8-K 1 d8k.htm FORM 8-K Form 8-K

UNITED STATES

SECURITIES AND EXCHANGE COMMISSION

Washington, D.C. 20549

 


FORM 8-K

 


CURRENT REPORT

PURSUANT TO SECTION 13 OR 15(d) OF THE

SECURITIES EXCHANGE ACT OF 1934

Date of report (Date of earliest event reported): December 1, 1992

 


UNION BANKSHARES COMPANY

(Exact name of registrant as specified in its charter)

 


 

Maine   0-12958   01-0395131

(State or other jurisdiction

of incorporation)

  (Commission File Number)  

(IRS Employer

Identification No.)

66 Main Street

Ellsworth, ME 04605

(Address of principal executive offices) (Zip Code)

(207) 667-2504

(Registrant’s telephone number, including area code)

Not Applicable

(Former name or former address, if changed since last report)

 


Check the appropriate box below if the Form 8-K filing is intended to simultaneously satisfy the filing obligation of the registrant under any of the following provisions:

 

¨ Written communications pursuant to Rule 425 under the Securities Act (17 CFR 230.425)

 

¨ Soliciting material pursuant to Rule 14a-12 under the Exchange Act (17 CFR 240.14a-12)

 

¨ Pre-commencement communications pursuant to Rule 14d-2(b) under the Exchange Act (17 CFR 240.14d-2(b))

 

¨ Pre-commencement communications pursuant to Rule 13e-4 (c) under the Exchange Act (17 CFR 240.13e-4(c))

 



Item 7.01. Regulation FD

Union Trust Company, the Maine chartered commercial bank subsidiary (the “Bank”) of Union Bankshares Company (the “Company”), has entered into salary continuation agreements (the “Agreements”) with certain of its executive officers, including Messrs. Blyberg, Lynch, and Sargent, pursuant to which, should the executive terminate his/her employment, either voluntarily or involuntarily, within three years of a change of control or other “business combination” as defined in the Agreements, the executive would be entitled to receive an amount equal to the lesser of (i) three times the total compensation paid to him in the last full fiscal year prior to termination of his employment, less one dollar, or (ii) the maximum amount permitted without such payment being deemed an “excess parachute payment” within the meaning of Section 280G of the Internal Revenue Code.
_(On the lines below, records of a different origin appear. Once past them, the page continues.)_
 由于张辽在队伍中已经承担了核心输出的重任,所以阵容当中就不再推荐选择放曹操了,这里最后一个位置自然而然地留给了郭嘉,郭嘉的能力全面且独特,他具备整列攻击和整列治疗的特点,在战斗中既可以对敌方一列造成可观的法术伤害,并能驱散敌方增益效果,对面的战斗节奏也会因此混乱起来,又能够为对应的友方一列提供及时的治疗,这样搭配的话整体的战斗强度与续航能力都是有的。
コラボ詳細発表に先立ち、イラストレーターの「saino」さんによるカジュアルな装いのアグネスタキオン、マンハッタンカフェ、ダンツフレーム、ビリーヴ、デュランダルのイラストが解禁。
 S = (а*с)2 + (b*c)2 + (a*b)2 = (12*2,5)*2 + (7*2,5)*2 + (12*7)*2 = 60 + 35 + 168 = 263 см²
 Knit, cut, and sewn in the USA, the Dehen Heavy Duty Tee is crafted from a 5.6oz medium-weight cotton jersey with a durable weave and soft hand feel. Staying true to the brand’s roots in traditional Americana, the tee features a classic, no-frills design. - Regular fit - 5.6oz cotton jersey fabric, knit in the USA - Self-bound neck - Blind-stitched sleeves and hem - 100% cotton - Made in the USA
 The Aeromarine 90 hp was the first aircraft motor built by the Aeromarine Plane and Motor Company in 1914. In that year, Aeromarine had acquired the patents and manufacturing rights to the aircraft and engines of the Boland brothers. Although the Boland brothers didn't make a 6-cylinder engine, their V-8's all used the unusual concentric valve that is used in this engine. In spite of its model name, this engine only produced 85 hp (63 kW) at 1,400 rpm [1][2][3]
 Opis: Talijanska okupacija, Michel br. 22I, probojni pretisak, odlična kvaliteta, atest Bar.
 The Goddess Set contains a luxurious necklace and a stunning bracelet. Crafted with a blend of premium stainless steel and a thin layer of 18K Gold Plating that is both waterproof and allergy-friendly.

The Bank entered into such Agreements with John P. Lynch, Executive Vice President and Regional Manager of the Bank, on December 1, 1992, with Peter A. Blyberg, President and Chief Executive Officer of the Bank, on August 12, 1993, and with Rebecca J. Sargent, Senior Vice President and Senior Trust Officer of the Bank, on October 10, 1996. A description of the material terms of the Agreements has been included in the Company’s proxy statement disclosure filed with the Securities and Exchange Commission through the online EDGAR system since at least March, 1996, and possibly in paper filings prior to that. A copy of a form of the Agreements is attached as Exhibit 10.7.

 

Item 9.01. Financial Statements and Exhibits.

 

(d) The following exhibits are filed with this Report:

 

Exhibit No.   

Description

10.7    Form of Salary Continuation Agreement between Union Trust Company and each of Peter A. Blyberg, President and Chief Executive Officer, John P. Lynch, Executive Vice President and Regional Manager, and Rebecca J. Sargent, Senior Vice President and Senior Trust Officer.


SIGNATURES

Pursuant to the requirements of the Securities Exchange Act of 1934, as amended, the registrant has duly caused this report to be signed on its behalf by the undersigned hereunto duly authorized.

 

UNION BANKSHARES COMPANY
By:  

/s/ Sally J. Hutchins

Name:   Sally J. Hutchins
Title:   Senior Vice President and Clerk

Date: May 1, 2007


EXHIBIT INDEX

 

Exhibit No.  

Description

10.7   Form of Salary Continuation Agreement between Union Trust Company and each of Peter A. Blyberg, President and Chief Executive Officer, John P. Lynch, Executive Vice President and Regional Manager, and Rebecca J. Sargent, Senior Vice President and Senior Trust Officer.